__EXERCISE DATA__:
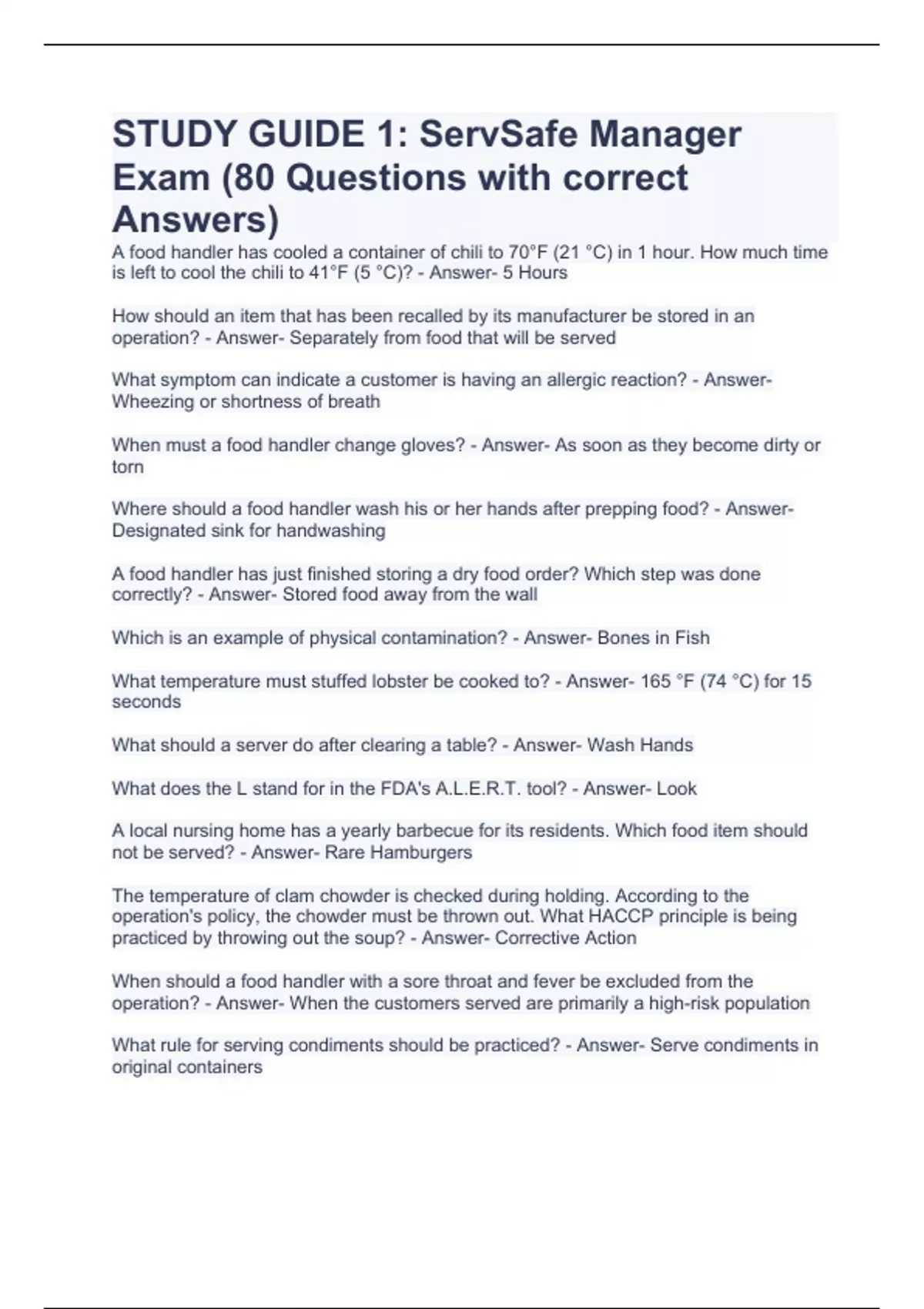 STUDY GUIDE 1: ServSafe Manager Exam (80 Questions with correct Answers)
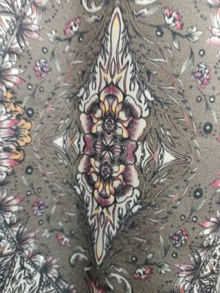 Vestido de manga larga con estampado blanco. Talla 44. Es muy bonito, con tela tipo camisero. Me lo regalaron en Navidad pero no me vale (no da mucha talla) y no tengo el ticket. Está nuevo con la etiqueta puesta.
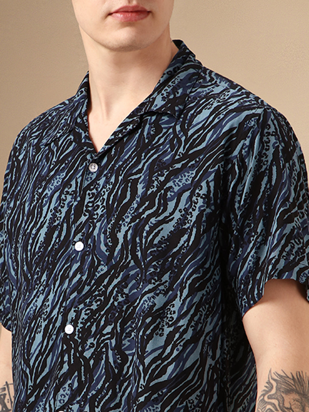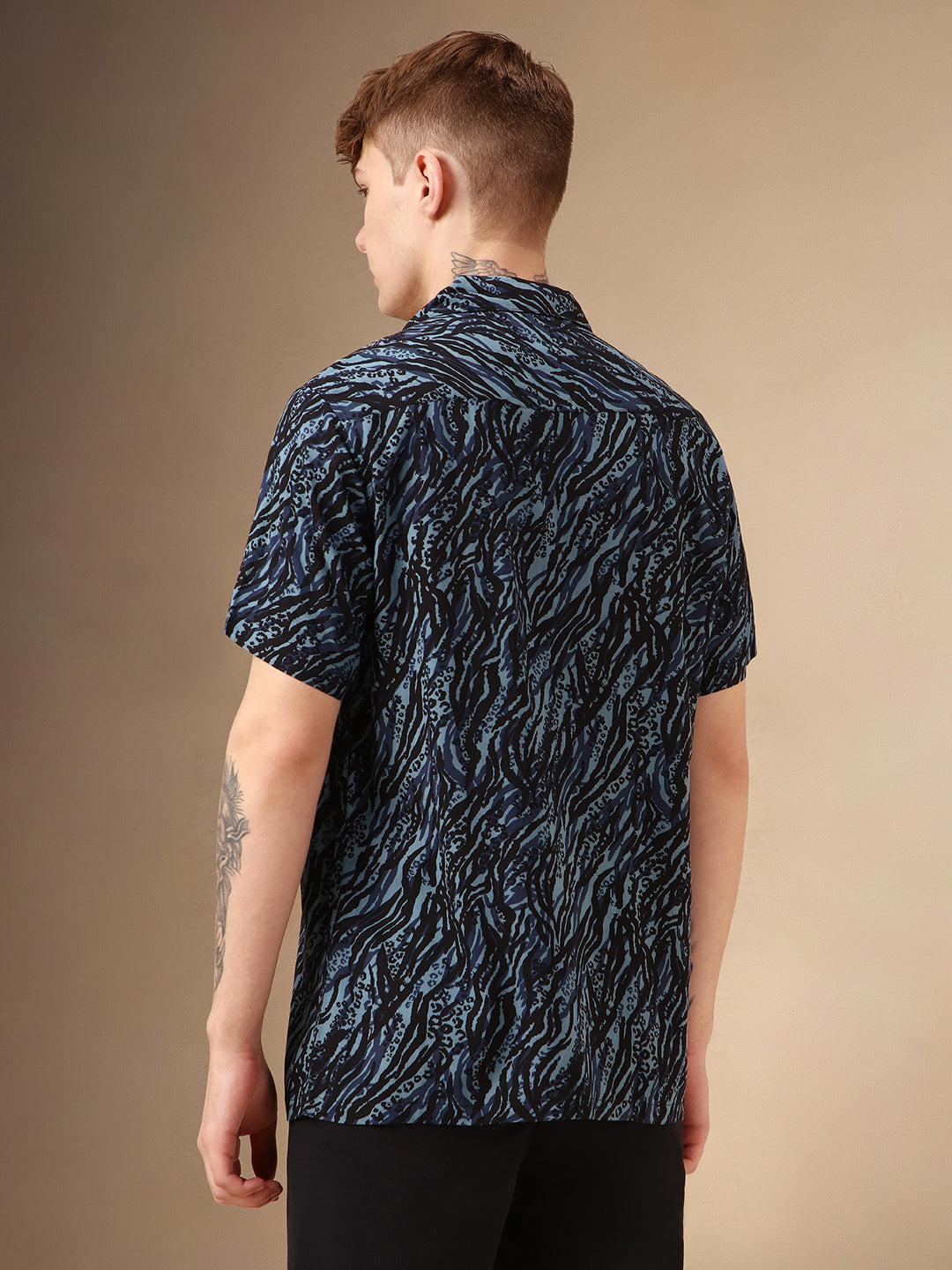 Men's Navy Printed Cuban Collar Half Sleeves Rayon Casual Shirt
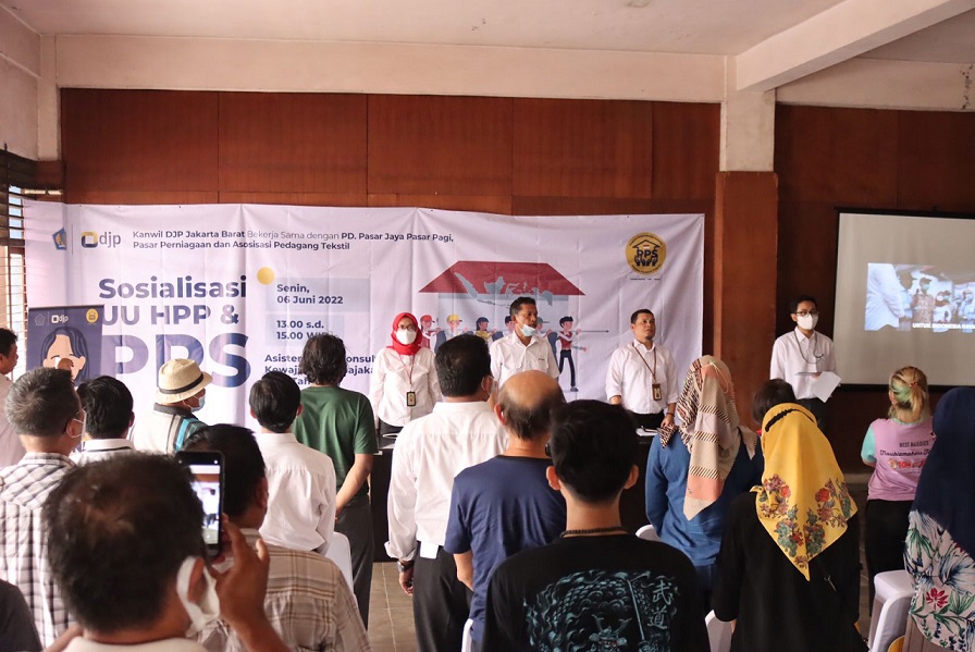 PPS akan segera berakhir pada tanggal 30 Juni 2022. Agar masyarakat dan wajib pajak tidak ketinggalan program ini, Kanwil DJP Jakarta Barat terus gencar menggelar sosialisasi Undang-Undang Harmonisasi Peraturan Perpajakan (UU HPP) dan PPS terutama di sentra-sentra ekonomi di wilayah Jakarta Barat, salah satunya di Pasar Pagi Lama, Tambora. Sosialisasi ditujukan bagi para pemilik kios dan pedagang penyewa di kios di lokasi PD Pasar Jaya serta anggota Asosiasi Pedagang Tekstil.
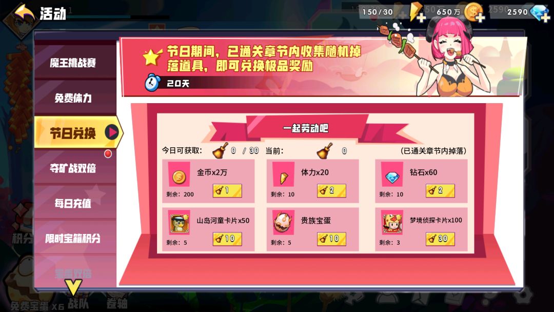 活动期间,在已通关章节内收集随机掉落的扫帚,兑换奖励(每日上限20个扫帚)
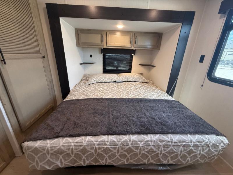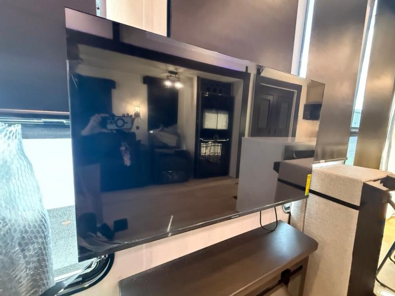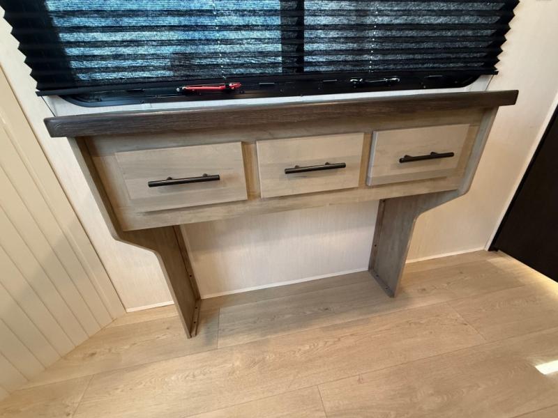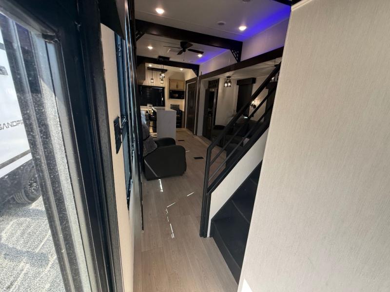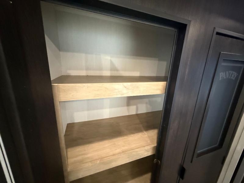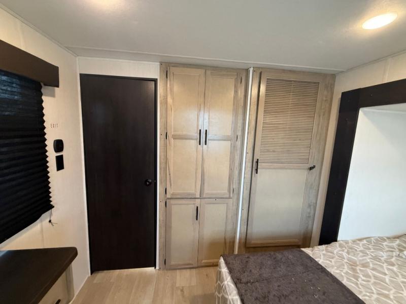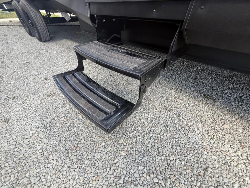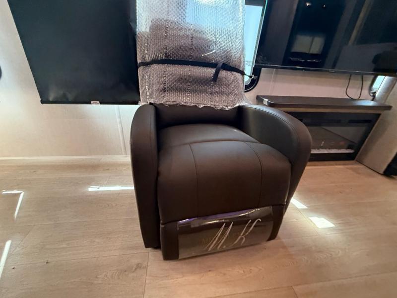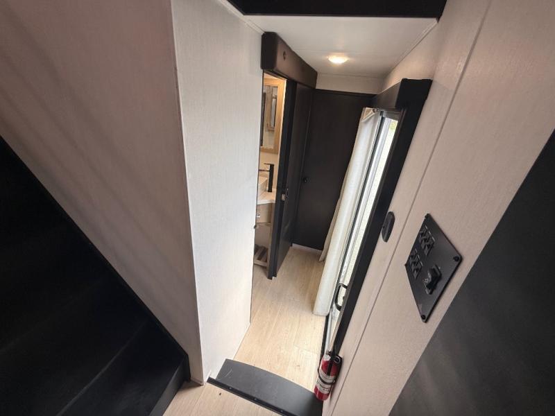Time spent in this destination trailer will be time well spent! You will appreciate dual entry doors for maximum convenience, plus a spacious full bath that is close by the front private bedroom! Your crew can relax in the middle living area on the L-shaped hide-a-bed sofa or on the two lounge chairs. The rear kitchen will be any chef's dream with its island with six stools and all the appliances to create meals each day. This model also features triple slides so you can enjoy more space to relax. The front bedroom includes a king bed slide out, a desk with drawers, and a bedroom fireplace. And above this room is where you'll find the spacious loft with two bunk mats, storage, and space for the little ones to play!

__WHAT YOU WILL DO__: Where a picture appears, omit it; otherwise reproduce each line above from the first to the one with "活动期间,在已通关章节内收集随机掉落的扫帚,兑换奖励(每日上限20个扫帚)", inclusive.

__EXERCISE OUTPUT__:
 STUDY GUIDE 1: ServSafe Manager Exam (80 Questions with correct Answers)
 Vestido de manga larga con estampado blanco. Talla 44. Es muy bonito, con tela tipo camisero. Me lo regalaron en Navidad pero no me vale (no da mucha talla) y no tengo el ticket. Está nuevo con la etiqueta puesta.
 Men's Navy Printed Cuban Collar Half Sleeves Rayon Casual Shirt
 PPS akan segera berakhir pada tanggal 30 Juni 2022. Agar masyarakat dan wajib pajak tidak ketinggalan program ini, Kanwil DJP Jakarta Barat terus gencar menggelar sosialisasi Undang-Undang Harmonisasi Peraturan Perpajakan (UU HPP) dan PPS terutama di sentra-sentra ekonomi di wilayah Jakarta Barat, salah satunya di Pasar Pagi Lama, Tambora. Sosialisasi ditujukan bagi para pemilik kios dan pedagang penyewa di kios di lokasi PD Pasar Jaya serta anggota Asosiasi Pedagang Tekstil.
 活动期间,在已通关章节内收集随机掉落的扫帚,兑换奖励(每日上限20个扫帚)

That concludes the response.